KATHMANDU, Nepal — The Nepali Investment Board is hoping a recently approved hydropower development plan will help attract more than US$6 billion in investments.
The Project Development Agreement (PDA) would apply to projects larger than 500 MW in capacity and would be immediately applicable to four large hydroelectric facility proposals.
Nepalese officials say they hope the PDA will result in as much as 3,000 MW of added capacity and fuel industrial development.
“Harnessing Nepal’s hydro resources for Nepal’s socio-economic transformation has always been my number one economic priority,” says Prime Minister Baburam Bhattari.

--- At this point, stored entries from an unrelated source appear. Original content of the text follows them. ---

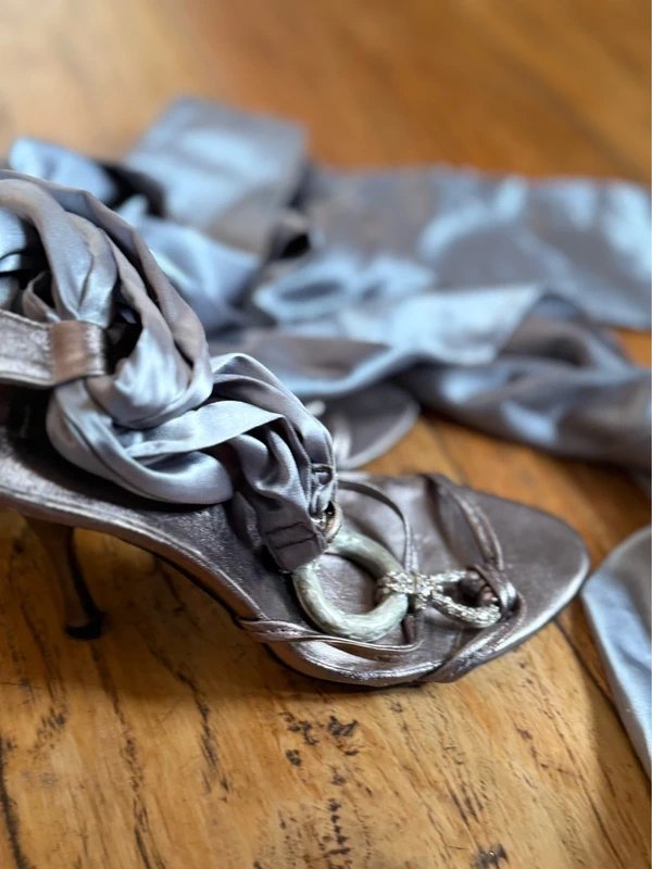 Barely worn in immaculate condition, these gorgeous sandals are perfect for a wedding or formal occasion. Very comfortable and the satin ties can be worn in several ways.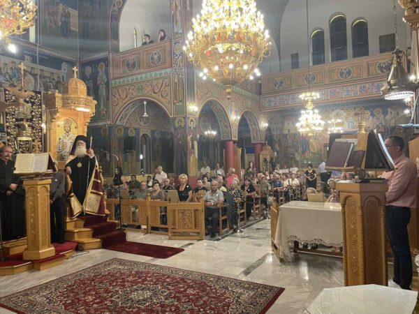 Ο Σεβασμιώτατος παρατήρησε ότι «ο φετινός εορτασμός είναι ιδιαίτερος, λόγω της μεγάλης καταστροφής, καθώς διανύουμε σταυρώσιμη περίοδο στον τόπο μας, ενώ κανείς δεν έμεινε ανεπηρέαστος από την συμφορά. Δεν περιμέναμε ποτέ να βιώσουμε μια τέτοια κατάσταση στην εποχή μας, που καυχάται για τις κατακτήσεις της επιστήμης και της τεχνολογίας. Έρχεται, όμως, ένα φυσικό φαινόμενο να διαψεύσει την σιγουριά μας και να μας φέρει σε ταπείνωση, για να ζητήσουμε το έλεος του Θεού και να συνεχίσουμε την ζωή μας…».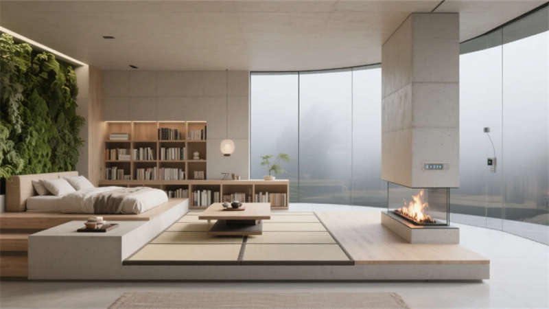 客房以極簡的智慧回應(yīng)棲居本質(zhì)。榻榻米地臺消弭床與地面的界限,270°環(huán)景霧化玻璃輕觸即透,仿生綠植在智能光影中呼吸生長,隱藏式投影幕布落下時,星空與林海皆成私享背景。階梯書吧的垂直綠植墻下,模塊化沙發(fā)隨需求自由組合,全息粒子在空氣中勾勒出流動的藝術(shù),而巖板中島餐廳里,藤編座椅與吊燈矩陣的光暈交織,智能調(diào)光天窗讓每一餐都浸染著天光的溫度。

The new PDA template is a response to a previous model that was rejected by developers and financiers in 2010. The recent plan is intended to rectify the previous one by including provisions to expedite projects through bureaucratic delays.
“We are now on a fast track to move on project agreements that will unlock the country’s vast hydro potential and solve the load shedding problem,” says Investment Board executive Radhesh Pant.
HydroWorld.com reported in July 2011 that a unit of the World Bank was seeking expressions of interest from consultants to oversee two run-of-river projects in the country’s Lamjung District.
Nepal’s government adopted a proposal in June 2011 that says the country will not approve any hydropower projects that would export the bulk of their generated power.